Under her bed, their bed, I found the reusable sorry card, the envelope a catalogue of apologies.
‘John:’ in blue felt-tip – ‘The re-usable card!’ Beneath is her ‘+ again’ in black biro, ‘& back’, in Dad’s handwriting, ‘definitely’ (misspelled) in hers, and then ‘July – Maureen, in pencil in case we run out of space. I’m the one on the right!’ Two more dates follow, both in her hand.
On the cover there is a blushing cartoon mouse with the words: ‘I’m remorseful, regretful, repentant, contrite, humbled, grief-stricken, self-accusing, eating humble pie … Well let’s face it …’ and then inside the card ‘… I’m really very sorry.’ Other than these card manufacturer’s words, it is completely blank.
There is also a pile of Valentine cards, a haul of sentimentality and sweetness I never anticipated. One pictures two birds:
‘Do you love me?’ says the first.
‘Of course I do.’
‘Say it then.’
‘I love you.’
‘Say it with feeling.’
‘I luuurve you.’
‘LOUDER.’
‘I love you, I love you, I love you, I love you!’
There is a gap, the bird who has just spoken awash with sweat. The other whispers:
‘Promise?’
Again, though there are no words inside the card, it passes back and forth between them till finally there is a single entry from 2002, the year Dad died. It is in his handwriting, the letters already crooked with cancer: ‘Thanks for all you’ve done.’
Finally, wedged beneath the cards, in a plastic wallet, is a full sermon, typed up.
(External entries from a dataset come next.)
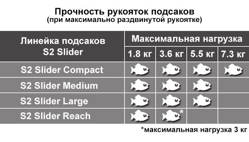 EGO S2 Slider - линейка подсаков американского производства. Конструкция подсака включает в себя обруч из анодированного алюминия с установленной сеткой из чёрной резины, а так же телескопическую ручку, выполненную из пластика и анодированного алюминия. Подсачек крепится к ручке посредством резьбового соединения.
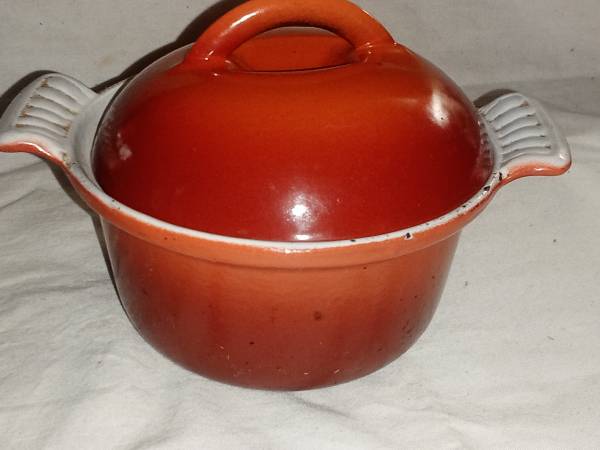 5" Round Vintage Cast Iron Dutch Oven Casserole Enameled Cast Iron with Lid Made in Holland and 12 on the underside Orange Cast Iron Enamele Few nicks *Check out "more ads by this user" link* 20.00...
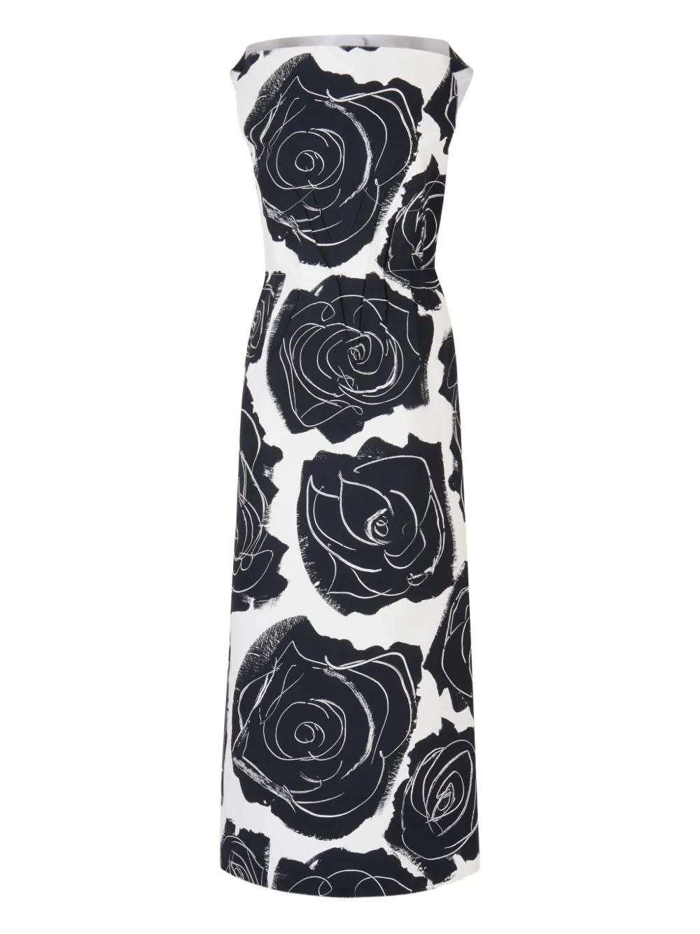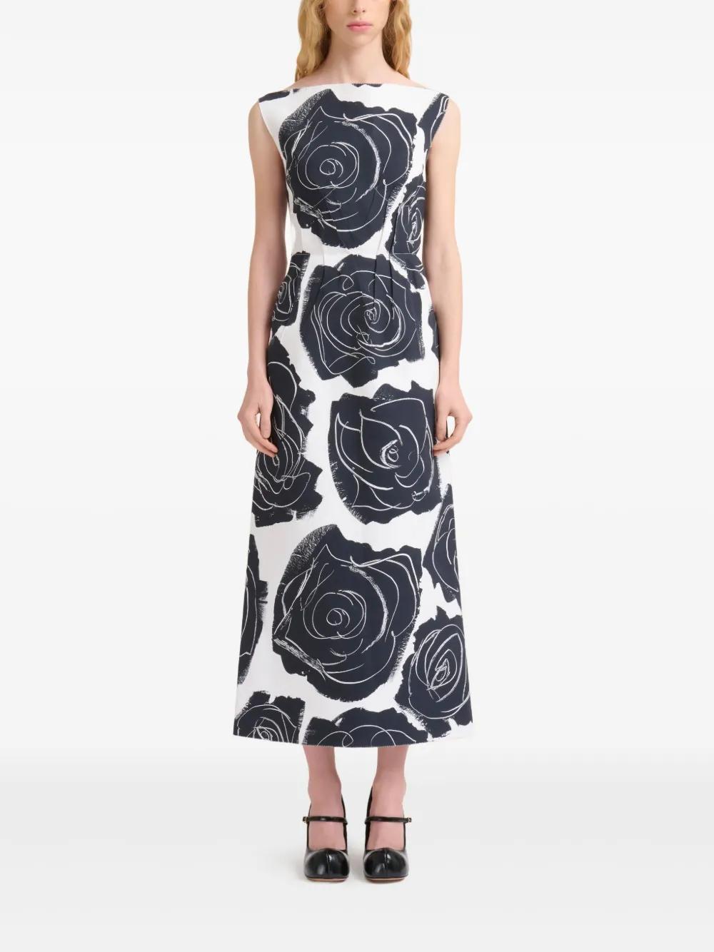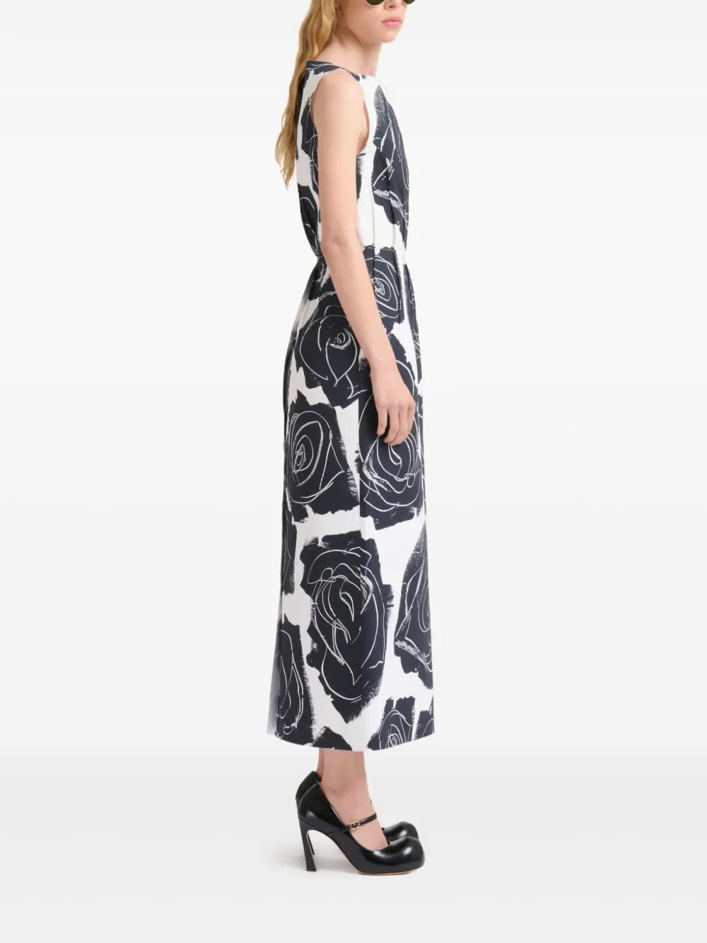 white floral design black rose motifs sleeveless slash neck cinched waistline flowing skirt
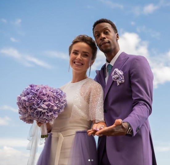 Еліна Світоліна і Гаель Монфіс відгуляли весілля. Урочистості вони влаштували в Швейцарії, неподалік від Женеви. Перші фото оприлюднив брат тенісистки. Наречена була в брючному костюмі і вся в діамантах.
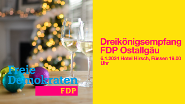 Wie jedes Jahr findet auch dieses Jahr der traditionelle Dreikönigsempfang der FDP-Ostallgäu für den FDP-Bezirk Schwaben am Abend des Dreikönigstags (6.1.2024) im Hotel Hirsch in Füssen statt.
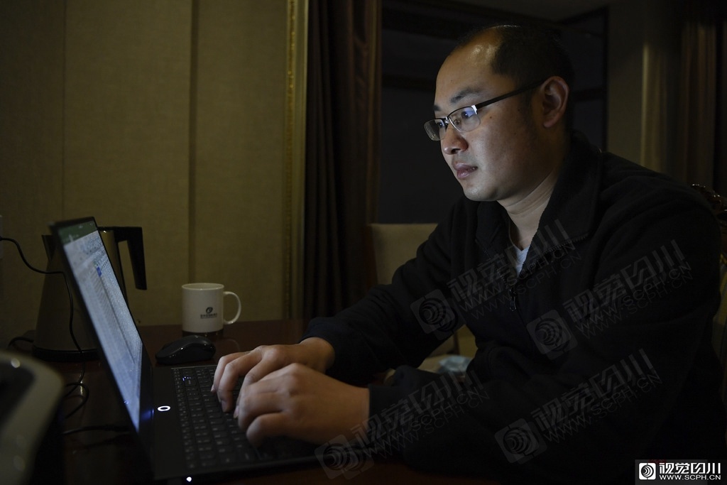 四川第四批援助湖北医疗队队员陈锋、苏明华、孙颖等医生下班后通过视频会议,汇总白天数据,总结经验、交流文献信息、修正调整方案。

Delivered in the nineties by Dad alone at pulpits across Scotland, it spread the good news on marriage. Each Sunday he told the congregation that he had realised ‘how impossible it would be to live without each other’.
Lie 70: Always tell the truth
‘I’ is a fragile mark. Apart from the indefinite article ‘a’, which must always be bolstered by a noun, ‘I’ is the shortest word in the English language. Though it looks thin and insubstantial, our ‘I’ feels huge. Capitalised, when ‘me’, ‘he’ and ‘she’ are not, it has a whine, even on the page, like a screaming gull.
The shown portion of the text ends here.